The fact that the buy-out payments were not to be made until after the divorce was immaterial, ruled the appellate court. Carl was entitled to a credit in the divorce calculations for the payments Evelyn received. The precise calculation would need to be made by the trial judge, and so the Court of Appeals returned the matter for yet another evidentiary hearing to determine how to divide the payments.

Carl’s life insurance policies were at least partly community property. Carl held two whole-life insurance policies, on his own life. He testified that he had paid $40,000 in an initial payment on the policies, using an inheritance received from his mother’s estate (and, incidentally, that he had never told Evelyn about the inheritance or the policies while they were married). But he had made monthly premium payments of about $255 on the policies while the couple was married.

The trial judge ruled that Carl had produced enough evidence about the life insurance policies to overcome the presumption that they were community property, and awarded them to Carl alone. The Court of Appeals disagreed, and remanded this issue to the trial judge for another determination of the nature of the policies. Though they might not be entirely community property, ruled the appellate judges, some portion of the value of the policies belonged to the community and an equitable division needed to be made.

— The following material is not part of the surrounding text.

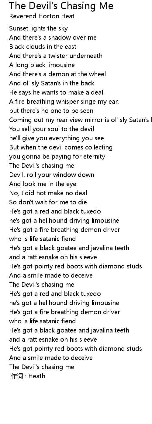 | [01:06] | Coming out my rear view mirror is ol' sly Satan's limousine |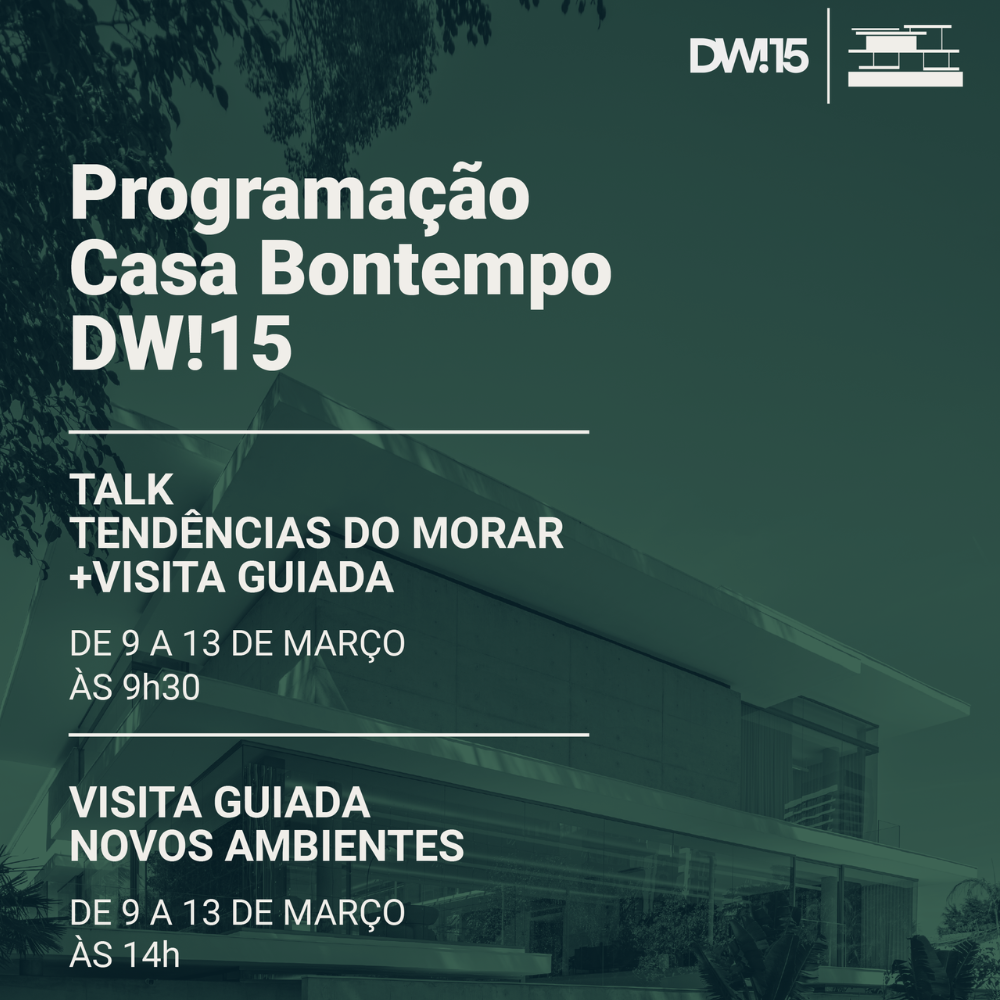 Na DW! Semana de Design de São Paulo, a Casa Bontempo contará com uma agenda diária de ações que apresentam o conceito do espaço e os caminhos de pesquisa da marca para o morar contemporâneo. As manhãs começam com um talk dedicado ao relatório de tendências desenvolvido pela moveleira, seguido de visita guiada pelos ambientes inoperacionais. À tarde, o público pode participar de um tour focado nos novos ambientes e nos pré-lançamentos preparados para o festival.

Aaron was not entitled to child support. Arizona law permits a divorce court to award support for an adult child if that child was severely disabled before reaching age 18. Carl sought an award of child support for the couple’s son Aaron, who lived with Carl. The trial judge denied the claim, finding that Aaron was currently disabled, but that there was insufficient evidence that he was severely disabled before his majority.

The Court of Appeals agreed with the trial judge on this one. Arizona law is clear, even though there is room for interpretation. The disability must be “severe,” and it must exist before the child reaches majority.

The evidence of disability produced for the trial court was really just a single letter from a doctor who had treated Aaron when he was 21. That letter said that his disability started when Aaron was 16, but it did not describe the severity of the disability during that time period.

There was also evidence that Aaron had gone to college, and lived on his own for at least some time. He had not applied for Social Security payments based on his alleged disability until after he turned 18. He lived with his father at the time of the divorce trial, but the appellate court noted that he was serving as his father’s caregiver. He had a driver’s license and took his father to appointments. He even drafted the pleadings in the divorce case for his father. Based on all the evidence before the trial court, the Court of Appeals agreed that no child support should be ordered. Gersten and Gersten v. Gersten, January 24, 2013.

Why are these divorce issues important to Arizona elder law attorneys? The characterization of life insurance and other less-common assets as community property or separate property can be important in estate planning as well as planning for long-term care needs. And we see a lot of adult children with disabilities — it’s important to understand what might be required of the parents of a disabled adult child when they contemplate divorce.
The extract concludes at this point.